登录
原创

国家行政区数据获取三种方式:爬虫、调用API、私有化部署

发布于 2023-05-16 阅读 9633
  • 后端
  • Python
  • API
  • 爬虫
原创

背景

现实情况,在信息系统开发、电子商务平台、app等等相关软件开发,都会设计到行政区数据联动,但是如何获取最新、准确的数据呢?
在这里给各位推荐三种获取方式

一、Python国家行政区数据爬取示例【源码可运行】

这里里给初学者、有需要的人提供一个数据抓取的脚本,有效、可运行,将抓取的数据写入到本地csv文件中
不废话,上代码:

  • 注意:改代码可以抓取:省、市、区、乡镇街道、村社区 五级完整行政区,由于村社区数量比较大,抓取方法调用被注释了,有需要的可以取消注释
from bs4 import BeautifulSoup
import csv
import re
import requests

class XingZhengQu(object):

    def __init__(self):
        self.session = requests
        self.initCsvWriter()

    def initCsvWriter(self):
        self.csvFile = open('xingzhengqu.csv', 'w')
        self.csvWriter = csv.writer(self.csvFile)
        self.csvWriter.writerow(['行政代码','名称','层级','类型'])

    def csvWriteRow(self,row):
        self.csvWriter.writerow(row)
    # 省
    def getProvice(self):
        url='http://www.stats.gov.cn/sj/tjbz/tjyqhdmhcxhfdm/2022/index.html'
        resp = self.session.get(url)
        resp.encoding='utf-8'
        soup = BeautifulSoup(resp.text, 'lxml')

        a = soup.select('table.provincetable > tr.provincetr > td >a')
        for item in a:
            proviceUrl = item.get('href')
            pid = re.findall("([0-9]+)\.html",proviceUrl)

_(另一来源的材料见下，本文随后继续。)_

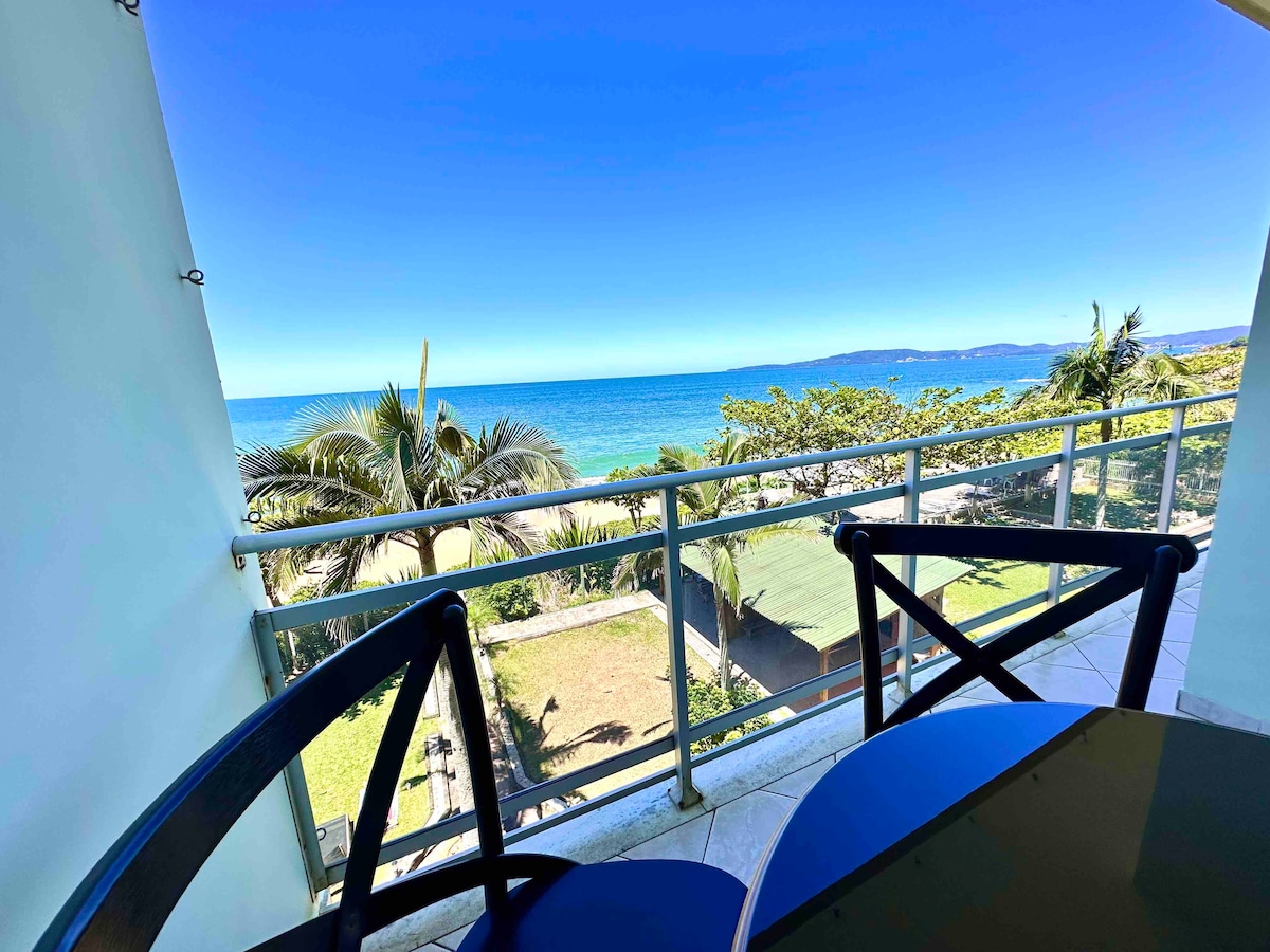 Leia nossas + de 100 avaliações, todas 5 estrelas! Apto completo para até 6 hóspedes: - 1 suíte+2 quartos (todos c/ ar condicionado e TV, os dois maiores com vista para o mar) - Sala de estar e jantar c/ vista direta para a barra norte - Cozinha e lavanderia totalmente equipadas - Garagem privativa para um veículo médio (*) - Edifício frente ao mar na av. Atlântica com vista total da orla na área comum e portaria 24h - Roupas de cama e banho limpos em lavanderia - Pet friendly

            print('--',pid,proviceUrl)
            code = pid[0].ljust(12,'0')
            print('{}-{}-{}'.format(code,item.get_text(),1))
            row =[code,item.get_text(),1,'']
            self.csvWriteRow(row)
            cityUrl = '{}/{}'.format(url.rsplit('/',1)[0],proviceUrl)
            self.getCity(cityUrl)
    # 市
    def getCity(self,url):
        print('getCity',url)
        resp = self.session.get(url)
        resp.encoding='utf-8'
        soup = BeautifulSoup(resp.text, 'lxml')

        trs = soup.select('table.citytable > tr.citytr')
        for tr in trs:
            a = tr.select('td > a')
            if len(a)>0 :
                cityUrl = a[0].get('href')

                print('{}-{}-{}'.format(a[0].get_text(), a[1].get_text(), 2))
                row =[a[0].get_text(),a[1].get_text(),2,'']
                self.csvWriteRow(row)

                cityUrl = '{}/{}'.format(url.rsplit('/',1)[0],cityUrl)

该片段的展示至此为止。